→ Given material
■ ■ ■ ■ ■
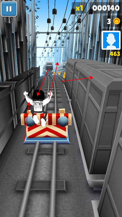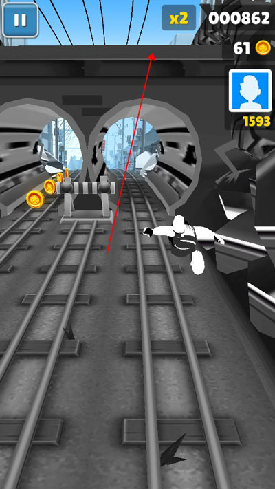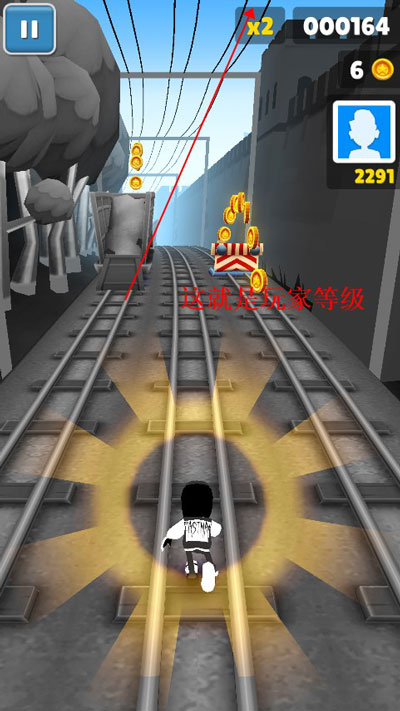 在有路障的情况下,掌握好跳起的落点,在路障的上方下拉,使角色落在路障上可以再次跳起,然后就可以跳上火车顶了,相信大家都遇到过有个收集物品在火车上,却拿不到而错过的尴尬,掌握了这个技巧,问题迎刃而解。
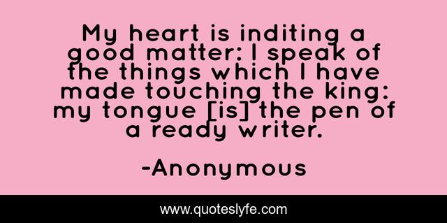 This page presents the quote "My heart is inditing a good matter: I speak of the things which I have made touching the king: my tongue [is] the pen of a ready writer.". Author of this quote is Anonymous. This quote is about enthusiasm, writer, inspirational, psalms, bible,.
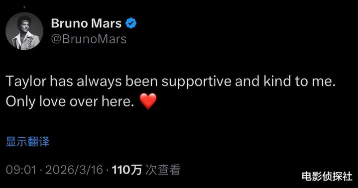 跟着公论的束缚发酵,两边粉丝在网络上掀翻了骂战,眼看事情越闹越大,3月16日,火星哥在社媒发文回报了此事,他在社媒上写说念:“霉霉一直齐很复古我,对我也一直很好,我这边独一爱。”随后还补了一句:“在这些APP上传播爱吧!”
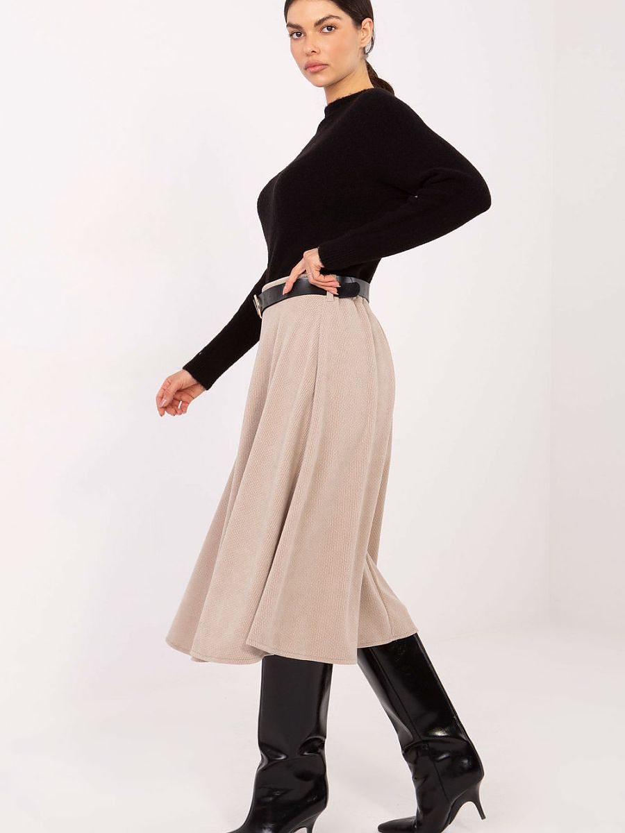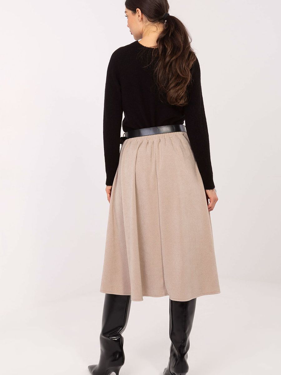Stylish and feminine flared knit skirt, perfect for everyday wear, work, and more elegant occasions. Made of a polyester blend with elastane, it ensures comfort, flexibility, and beautiful fabric draping. The knit fabric is ribbed, giving the whole a unique, varied texture and subtle character. The skirt is knee-length, which makes it look tasteful and classic. The lack of a traditional fastening makes the model easy to put on and perfectly fits the waist. An additional advantage is the fastened belt, which accentuates the waist and adds an elegant finish. Classic, comfortable, and feminine, an ideal base for many elegant and everyday stylizations.
■ ■ ■ ■ ■
→ Instructions for the task
Starting with the top line, write out all the data above exactly; keep the pictures out.

→ Exercise result
 在有路障的情况下,掌握好跳起的落点,在路障的上方下拉,使角色落在路障上可以再次跳起,然后就可以跳上火车顶了,相信大家都遇到过有个收集物品在火车上,却拿不到而错过的尴尬,掌握了这个技巧,问题迎刃而解。
 This page presents the quote "My heart is inditing a good matter: I speak of the things which I have made touching the king: my tongue [is] the pen of a ready writer.". Author of this quote is Anonymous. This quote is about enthusiasm, writer, inspirational, psalms, bible,.
 跟着公论的束缚发酵,两边粉丝在网络上掀翻了骂战,眼看事情越闹越大,3月16日,火星哥在社媒发文回报了此事,他在社媒上写说念:“霉霉一直齐很复古我,对我也一直很好,我这边独一爱。”随后还补了一句:“在这些APP上传播爱吧!”
Stylish and feminine flared knit skirt, perfect for everyday wear, work, and more elegant occasions. Made of a polyester blend with elastane, it ensures comfort, flexibility, and beautiful fabric draping. The knit fabric is ribbed, giving the whole a unique, varied texture and subtle character. The skirt is knee-length, which makes it look tasteful and classic. The lack of a traditional fastening makes the model easy to put on and perfectly fits the waist. An additional advantage is the fastened belt, which accentuates the waist and adds an elegant finish. Classic, comfortable, and feminine, an ideal base for many elegant and everyday stylizations.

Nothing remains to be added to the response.